═══ DATA UNDER STUDY
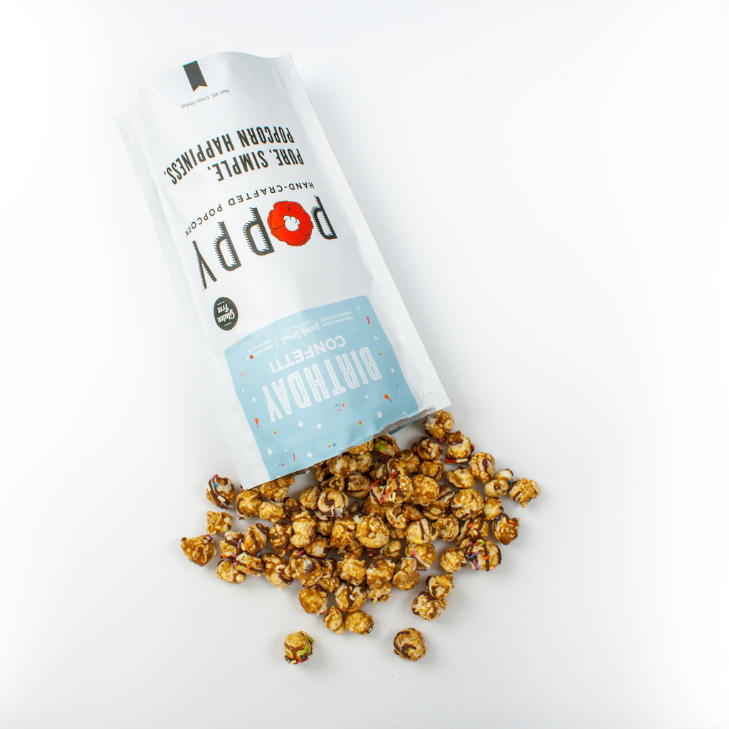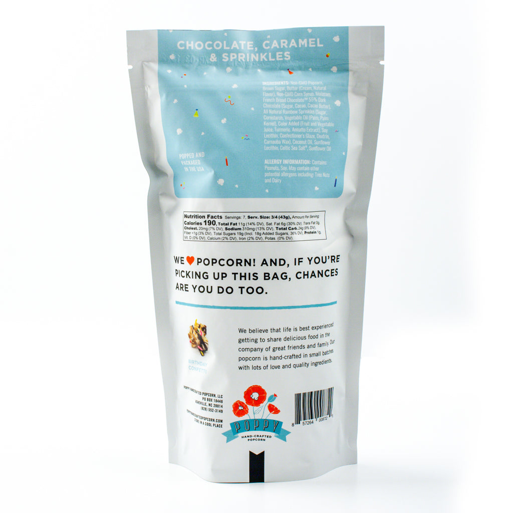 The best gift to give (and to get)! Poppy Handcrafted Popcorn's famous Salted Caramel popcorn drizzled with white and dark craft Chocolate from French Broad Chocolate – and no celebration is complete without sprinkles!
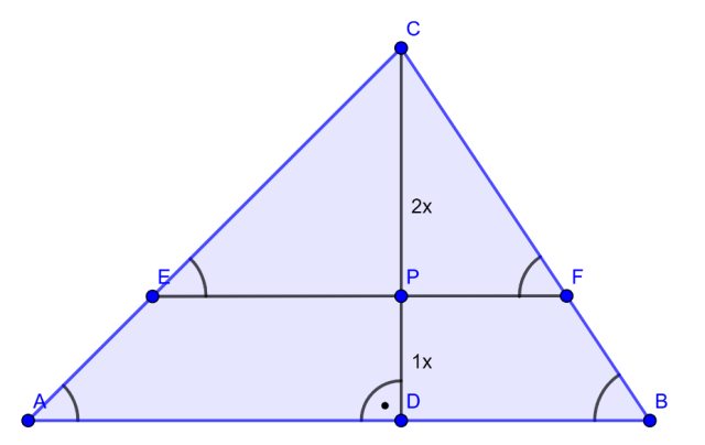 Obwód trójkąta ABC wynosi 21 cm. Prosta równoległa do podstawy AB przecina wysokość CD w punkcie P, a boki AC i BC w punktach E i F. Znając stosunek długości odcinków |DP| do |PC|, który wynosi 1:2, oblicz obwód trójkąta CEF.
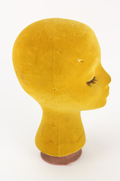 Here is a great vintage mannequin head hat display by Norman Kartiganer Inc out of Worcester, Massachusetts. The head features applied eyelashes and a posh expression. The head has some dings and nicks in the felt and styrofoam, which I will try to accurately represent in the pictures. It sits on a pink rubber suction cup stand. There is some water staining on the neck.
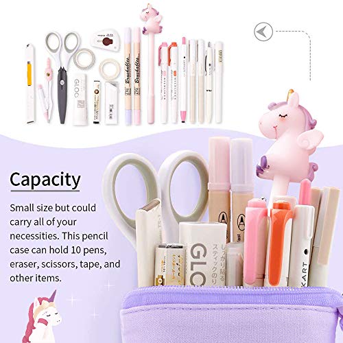 Details: NETUME Telescopic Canvas Stand Up Pencil Case /Pen Holder Pot/Makeup Bag for Girls,Kids,Boys,Cute Cartoon Sliding Pencil Case Organiser for Birthday Christmas Gift We provide sliding pencil case that can be used as a portable pencil holder case, cosmetic bag, and storage bag to meet the needs of children for school or daily travel. Features: Our stand up pencil case has a large capacity and has three concealed pockets for convenient storage of stationery, cosmetics, small objects, etc. Our pop up pencil case is flexible, easy to carry and easy to access. Our pencil case is beautiful and cute, which can cultivate good habits of organizing, storing, studying and working. It is a good gift for children, teenagers,teacher Specifications: Brand: NETUME Material: Canvas Size: 17x12x5.2cm Colour: Purple Weight: 20 g Package included: 1 x Stand up Pencil Case
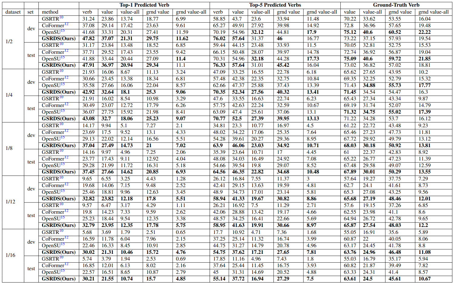表1的结果展示了在五种不同规模数据量的设置下,GSRDS与其他三个模型在14个指标上的对比结果。我们针对其中5个关键性指标绘制了折线图如图2所示,(a),(b)和(c)图分别代表在Top-1 Predicted Verb设置下verb , value 和grnd value 指标在五种数据量级上的实验结果;(d)和(e)图代表在Ground-Truth Verb设置下value 和 grnd value指标在五种数据量级上的实验结果。可以看出,随着数据量的量级减小,GSRDS模型的优势愈发明显。表2展示了消融实验结果。
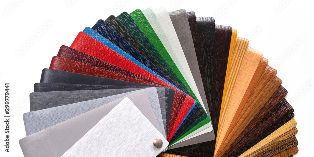 Presentation of samples. Samples for lamination. Multi-colored laminate. Color palette.
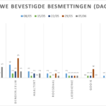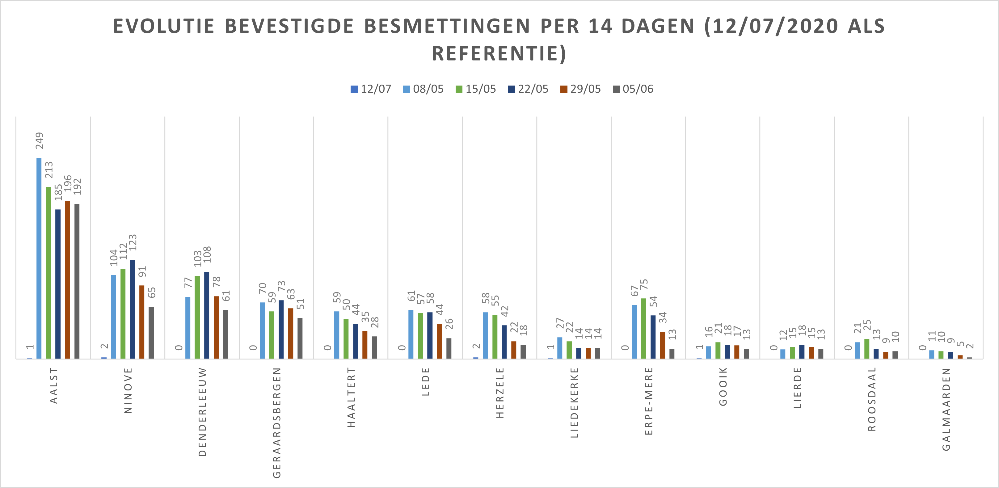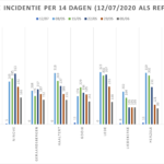 Hieronder een tabel met het aantal bevestigde besmettingen, telkens over een periode van 14 dagen (12 juli 2020 als referentie). Deze en de andere gegevens zetten we in grafieken (bijlagen).
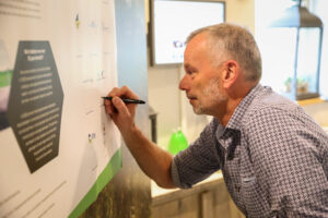 “Wat me opvalt is dat we enorm gewend zijn om te polderen. Ik denk dat het een grote belemmering is om grote uitdagingen waar we voor staan op te lossen. Polderen vertraagt de noodzakelijke transities. Ga dus niet op zoek naar draagvlak, maar handel vanuit de noodzakelijke stip op de horizon. Het is tijd om door te pakken en ook impopulaire maatregelen te nemen die nodig zijn om tot een duurzame samenleving te komen die in balans is met de aarde.”
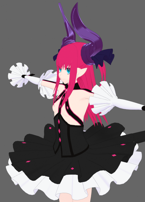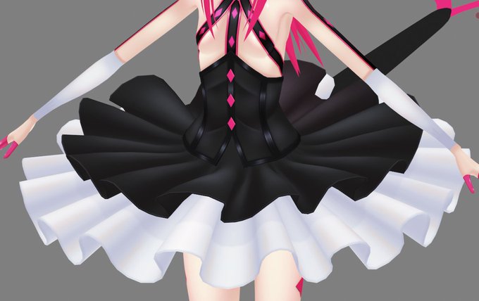 肌テクスチャ進捗。肌影を全体的に少し濃くし、黒とピンクの衣装部分に陰影をつけた
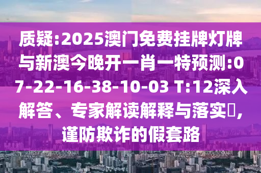 質(zhì)疑:2025澳門免費(fèi)掛牌燈牌與新澳今晚開一肖一特預(yù)測:07-22-16-38-10-03 T:12深入解答、專家解讀解釋與落實(shí)?,謹(jǐn)防欺詐的假套路
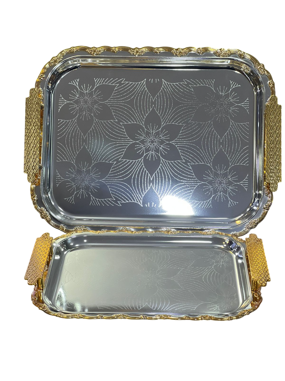 a set of luxury stainless steel serving trays.
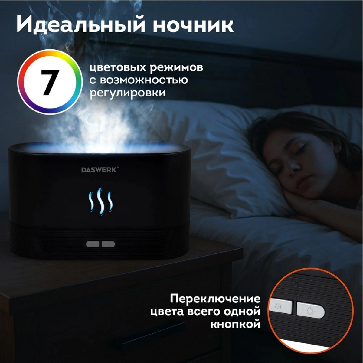Увлажнитель воздуха DASWERK соединяет в себе несколько устройств: увлажнитель, аромадиффузор и ночник.
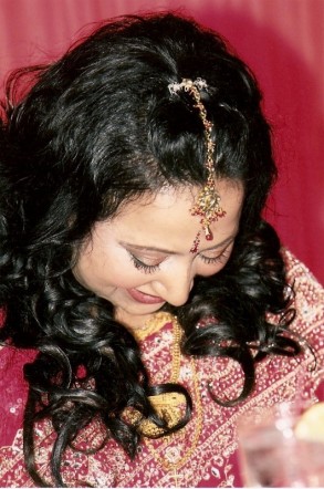 i don't know if i should opt for an updo for a 1/2 up 1/2 down style for the reception..for my engagement, i did a 1/2up 1/2 down.. for the henna and post wedding stuff.. it'll be 1/2 and 1/2.. my mom swears i look 'older' when i put my hair up.. so she's egging me on for 1/2 and 1/2..
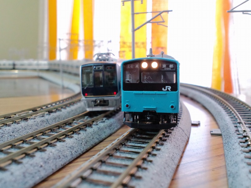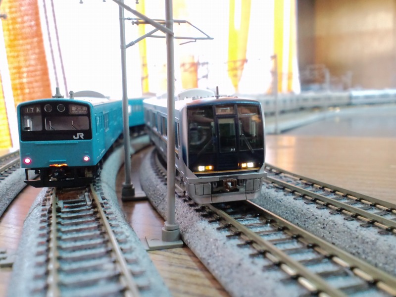 続いて本線の新旧緩行線コンビ。201系カッコいいなぁ・・・。
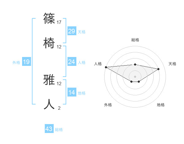 篠椅 雅人さんの総格は43画の2点!
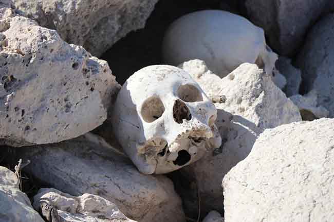 Kayseri’nin Kocasinan ilçesinde Yamula Barajı’nın sularının çekilmesiyle mezarlıklarda bulunan iskelet ve kafatasları ortaya çıktı.
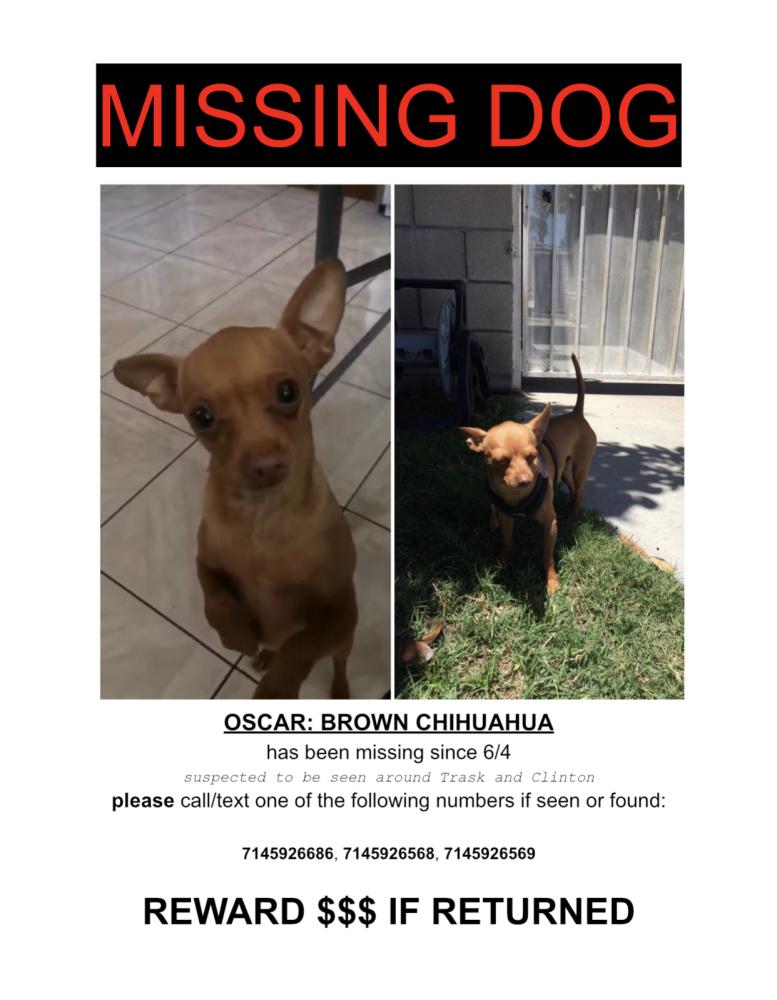 Pet Description:Small brown chihuahua running around. Doesn’t have a collar on. :( we miss him |
══════
PROBLEM REQUIREMENTS: Within the listing above, extract exactly the lines that run from the one containing "Presentation of samples." through the one containing "me opvalt is", excluding any pictures.

THE ANSWER:
 Presentation of samples. Samples for lamination. Multi-colored laminate. Color palette.
 Hieronder een tabel met het aantal bevestigde besmettingen, telkens over een periode van 14 dagen (12 juli 2020 als referentie). Deze en de andere gegevens zetten we in grafieken (bijlagen).
 “Wat me opvalt is dat we enorm gewend zijn om te polderen. Ik denk dat het een grote belemmering is om grote uitdagingen waar we voor staan op te lossen. Polderen vertraagt de noodzakelijke transities. Ga dus niet op zoek naar draagvlak, maar handel vanuit de noodzakelijke stip op de horizon. Het is tijd om door te pakken en ook impopulaire maatregelen te nemen die nodig zijn om tot een duurzame samenleving te komen die in balans is met de aarde.”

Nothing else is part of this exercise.